(Saved entries)
****************************************
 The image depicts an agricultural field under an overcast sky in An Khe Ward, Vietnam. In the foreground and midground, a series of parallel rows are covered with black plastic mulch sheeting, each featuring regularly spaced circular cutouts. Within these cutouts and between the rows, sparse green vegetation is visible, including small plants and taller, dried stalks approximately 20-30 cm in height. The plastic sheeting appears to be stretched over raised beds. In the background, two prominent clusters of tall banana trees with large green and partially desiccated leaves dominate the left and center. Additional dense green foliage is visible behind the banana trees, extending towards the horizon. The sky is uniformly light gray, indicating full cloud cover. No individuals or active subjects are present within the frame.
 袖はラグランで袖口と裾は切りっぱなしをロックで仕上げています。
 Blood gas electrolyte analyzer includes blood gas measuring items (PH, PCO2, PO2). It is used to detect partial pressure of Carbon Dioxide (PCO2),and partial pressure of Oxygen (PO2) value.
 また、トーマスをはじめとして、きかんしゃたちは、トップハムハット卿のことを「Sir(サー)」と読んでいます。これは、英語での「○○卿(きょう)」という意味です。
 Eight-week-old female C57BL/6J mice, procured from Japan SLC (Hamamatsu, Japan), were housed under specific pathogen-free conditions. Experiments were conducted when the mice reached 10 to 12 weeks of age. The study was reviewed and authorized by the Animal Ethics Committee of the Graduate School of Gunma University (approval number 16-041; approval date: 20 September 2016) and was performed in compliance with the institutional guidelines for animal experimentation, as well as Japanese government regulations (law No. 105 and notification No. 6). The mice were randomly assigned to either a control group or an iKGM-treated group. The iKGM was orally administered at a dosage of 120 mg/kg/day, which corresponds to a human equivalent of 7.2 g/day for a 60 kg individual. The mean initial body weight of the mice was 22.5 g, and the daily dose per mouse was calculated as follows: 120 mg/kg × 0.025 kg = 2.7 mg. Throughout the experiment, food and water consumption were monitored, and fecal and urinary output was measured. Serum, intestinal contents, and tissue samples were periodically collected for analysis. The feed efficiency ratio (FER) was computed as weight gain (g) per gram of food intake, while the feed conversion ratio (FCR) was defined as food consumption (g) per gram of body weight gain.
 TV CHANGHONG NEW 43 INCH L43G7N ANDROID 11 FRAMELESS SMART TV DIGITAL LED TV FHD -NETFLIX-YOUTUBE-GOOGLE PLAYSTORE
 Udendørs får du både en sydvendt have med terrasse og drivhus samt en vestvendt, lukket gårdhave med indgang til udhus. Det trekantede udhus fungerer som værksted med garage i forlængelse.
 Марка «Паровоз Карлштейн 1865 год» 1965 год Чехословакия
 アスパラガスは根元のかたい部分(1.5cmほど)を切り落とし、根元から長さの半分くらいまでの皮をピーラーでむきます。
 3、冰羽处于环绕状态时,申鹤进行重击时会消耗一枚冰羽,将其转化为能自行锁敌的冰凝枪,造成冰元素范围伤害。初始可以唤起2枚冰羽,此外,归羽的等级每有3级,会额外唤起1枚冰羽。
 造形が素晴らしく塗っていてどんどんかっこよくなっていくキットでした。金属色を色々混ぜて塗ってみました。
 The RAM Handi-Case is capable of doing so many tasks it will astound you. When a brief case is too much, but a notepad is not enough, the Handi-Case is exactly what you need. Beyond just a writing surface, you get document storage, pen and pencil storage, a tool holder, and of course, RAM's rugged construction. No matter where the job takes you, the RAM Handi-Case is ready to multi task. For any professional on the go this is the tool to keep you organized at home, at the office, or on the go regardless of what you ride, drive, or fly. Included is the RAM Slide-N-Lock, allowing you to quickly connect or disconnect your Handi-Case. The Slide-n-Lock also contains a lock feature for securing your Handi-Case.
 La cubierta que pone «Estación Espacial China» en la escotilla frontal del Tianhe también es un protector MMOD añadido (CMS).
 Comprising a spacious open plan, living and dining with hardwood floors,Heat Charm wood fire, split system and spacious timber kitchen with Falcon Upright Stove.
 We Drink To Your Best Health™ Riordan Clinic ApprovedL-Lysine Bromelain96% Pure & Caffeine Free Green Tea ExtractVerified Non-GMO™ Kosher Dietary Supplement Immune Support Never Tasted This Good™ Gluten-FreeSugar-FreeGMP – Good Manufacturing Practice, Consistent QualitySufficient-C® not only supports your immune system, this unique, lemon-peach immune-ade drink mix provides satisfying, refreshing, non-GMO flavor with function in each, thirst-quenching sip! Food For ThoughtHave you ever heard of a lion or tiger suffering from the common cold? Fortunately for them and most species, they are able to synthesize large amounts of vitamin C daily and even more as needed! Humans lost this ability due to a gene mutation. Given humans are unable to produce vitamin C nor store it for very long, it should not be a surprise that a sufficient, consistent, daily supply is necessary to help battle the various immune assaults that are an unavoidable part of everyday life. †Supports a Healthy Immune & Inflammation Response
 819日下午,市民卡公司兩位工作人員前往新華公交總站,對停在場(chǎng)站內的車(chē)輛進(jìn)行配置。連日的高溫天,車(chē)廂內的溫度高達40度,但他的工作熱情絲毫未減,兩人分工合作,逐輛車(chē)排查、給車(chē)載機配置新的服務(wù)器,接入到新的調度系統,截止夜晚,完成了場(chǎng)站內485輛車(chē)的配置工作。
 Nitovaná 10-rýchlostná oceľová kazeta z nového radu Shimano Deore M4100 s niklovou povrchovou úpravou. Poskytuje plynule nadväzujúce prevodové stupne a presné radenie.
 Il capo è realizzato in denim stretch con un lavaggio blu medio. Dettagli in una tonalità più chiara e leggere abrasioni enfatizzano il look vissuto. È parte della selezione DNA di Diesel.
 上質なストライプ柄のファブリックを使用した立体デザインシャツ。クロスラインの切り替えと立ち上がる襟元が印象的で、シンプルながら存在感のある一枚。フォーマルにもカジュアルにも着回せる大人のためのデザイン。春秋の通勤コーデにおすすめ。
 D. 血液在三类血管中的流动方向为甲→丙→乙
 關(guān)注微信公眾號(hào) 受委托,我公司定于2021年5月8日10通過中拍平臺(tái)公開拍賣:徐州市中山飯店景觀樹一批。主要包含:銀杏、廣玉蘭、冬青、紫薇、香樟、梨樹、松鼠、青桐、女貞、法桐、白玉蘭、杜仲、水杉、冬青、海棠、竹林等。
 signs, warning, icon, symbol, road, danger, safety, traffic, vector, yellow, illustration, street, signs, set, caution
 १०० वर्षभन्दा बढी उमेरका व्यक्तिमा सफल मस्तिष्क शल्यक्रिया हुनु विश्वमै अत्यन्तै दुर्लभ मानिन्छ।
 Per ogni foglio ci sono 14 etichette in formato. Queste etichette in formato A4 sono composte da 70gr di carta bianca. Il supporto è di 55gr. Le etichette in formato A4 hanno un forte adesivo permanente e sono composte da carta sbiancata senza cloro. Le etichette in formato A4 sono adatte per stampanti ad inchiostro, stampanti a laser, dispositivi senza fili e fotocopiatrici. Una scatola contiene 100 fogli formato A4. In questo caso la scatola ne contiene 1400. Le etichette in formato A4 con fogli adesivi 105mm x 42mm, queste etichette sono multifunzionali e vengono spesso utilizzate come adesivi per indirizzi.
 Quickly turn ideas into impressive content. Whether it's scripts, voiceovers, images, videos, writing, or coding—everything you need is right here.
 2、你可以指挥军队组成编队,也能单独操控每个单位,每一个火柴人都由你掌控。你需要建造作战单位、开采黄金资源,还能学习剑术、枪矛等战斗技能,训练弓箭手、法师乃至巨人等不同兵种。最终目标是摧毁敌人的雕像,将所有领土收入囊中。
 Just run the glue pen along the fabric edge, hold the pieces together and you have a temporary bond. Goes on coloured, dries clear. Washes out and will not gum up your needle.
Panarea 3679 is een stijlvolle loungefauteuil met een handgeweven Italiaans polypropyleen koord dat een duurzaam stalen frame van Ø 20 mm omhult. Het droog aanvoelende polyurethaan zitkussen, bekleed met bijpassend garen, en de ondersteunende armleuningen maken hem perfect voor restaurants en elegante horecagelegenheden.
****************************************
## WHAT THE EXERCISE ASKS
Each line above from the one with "The RAM Handi-Case is capable" up to and including the one with "Comprising a spacious" must be set down exactly, and no line outside that span may appear.

## TASK OUTPUT
 The RAM Handi-Case is capable of doing so many tasks it will astound you. When a brief case is too much, but a notepad is not enough, the Handi-Case is exactly what you need. Beyond just a writing surface, you get document storage, pen and pencil storage, a tool holder, and of course, RAM's rugged construction. No matter where the job takes you, the RAM Handi-Case is ready to multi task. For any professional on the go this is the tool to keep you organized at home, at the office, or on the go regardless of what you ride, drive, or fly. Included is the RAM Slide-N-Lock, allowing you to quickly connect or disconnect your Handi-Case. The Slide-n-Lock also contains a lock feature for securing your Handi-Case.
 La cubierta que pone «Estación Espacial China» en la escotilla frontal del Tianhe también es un protector MMOD añadido (CMS).
 Comprising a spacious open plan, living and dining with hardwood floors,Heat Charm wood fire, split system and spacious timber kitchen with Falcon Upright Stove.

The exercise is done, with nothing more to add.